*** Opening GIVEN MATERIAL ***

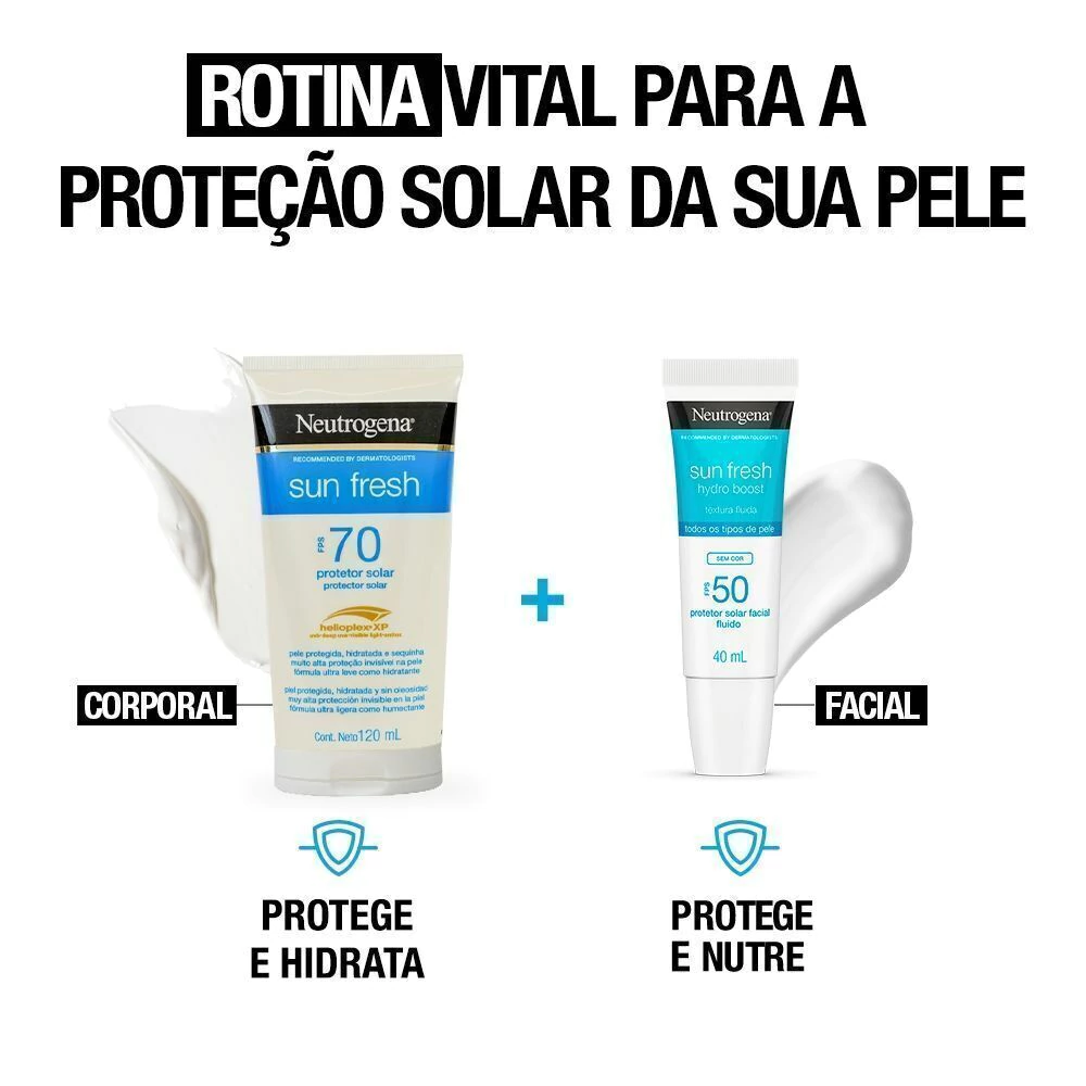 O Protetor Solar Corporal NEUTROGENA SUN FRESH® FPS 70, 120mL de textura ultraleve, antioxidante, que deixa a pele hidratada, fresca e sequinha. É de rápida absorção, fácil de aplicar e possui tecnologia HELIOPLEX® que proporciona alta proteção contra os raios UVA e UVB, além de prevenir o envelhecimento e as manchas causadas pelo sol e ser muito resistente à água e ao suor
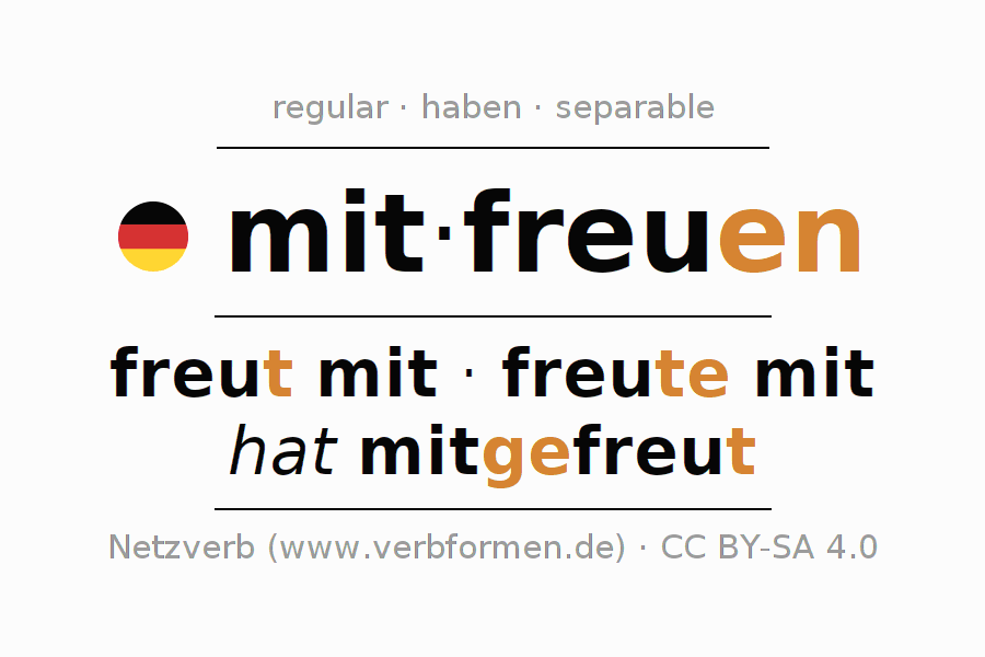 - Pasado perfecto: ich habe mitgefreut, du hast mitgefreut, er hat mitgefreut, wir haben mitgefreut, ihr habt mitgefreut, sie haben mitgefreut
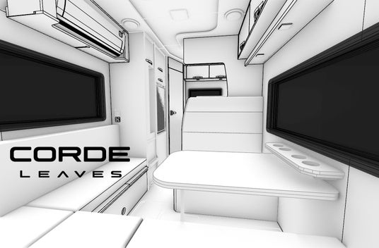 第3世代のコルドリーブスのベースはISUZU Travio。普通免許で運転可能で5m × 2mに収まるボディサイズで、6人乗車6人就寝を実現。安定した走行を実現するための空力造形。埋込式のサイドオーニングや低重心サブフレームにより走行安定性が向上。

*** Closing GIVEN MATERIAL ***

YOUR ASSIGNMENT:
Pictures aside, reproduce the listing above exactly.

TASK ANSWER:
 O Protetor Solar Corporal NEUTROGENA SUN FRESH® FPS 70, 120mL de textura ultraleve, antioxidante, que deixa a pele hidratada, fresca e sequinha. É de rápida absorção, fácil de aplicar e possui tecnologia HELIOPLEX® que proporciona alta proteção contra os raios UVA e UVB, além de prevenir o envelhecimento e as manchas causadas pelo sol e ser muito resistente à água e ao suor
 - Pasado perfecto: ich habe mitgefreut, du hast mitgefreut, er hat mitgefreut, wir haben mitgefreut, ihr habt mitgefreut, sie haben mitgefreut
 第3世代のコルドリーブスのベースはISUZU Travio。普通免許で運転可能で5m × 2mに収まるボディサイズで、6人乗車6人就寝を実現。安定した走行を実現するための空力造形。埋込式のサイドオーニングや低重心サブフレームにより走行安定性が向上。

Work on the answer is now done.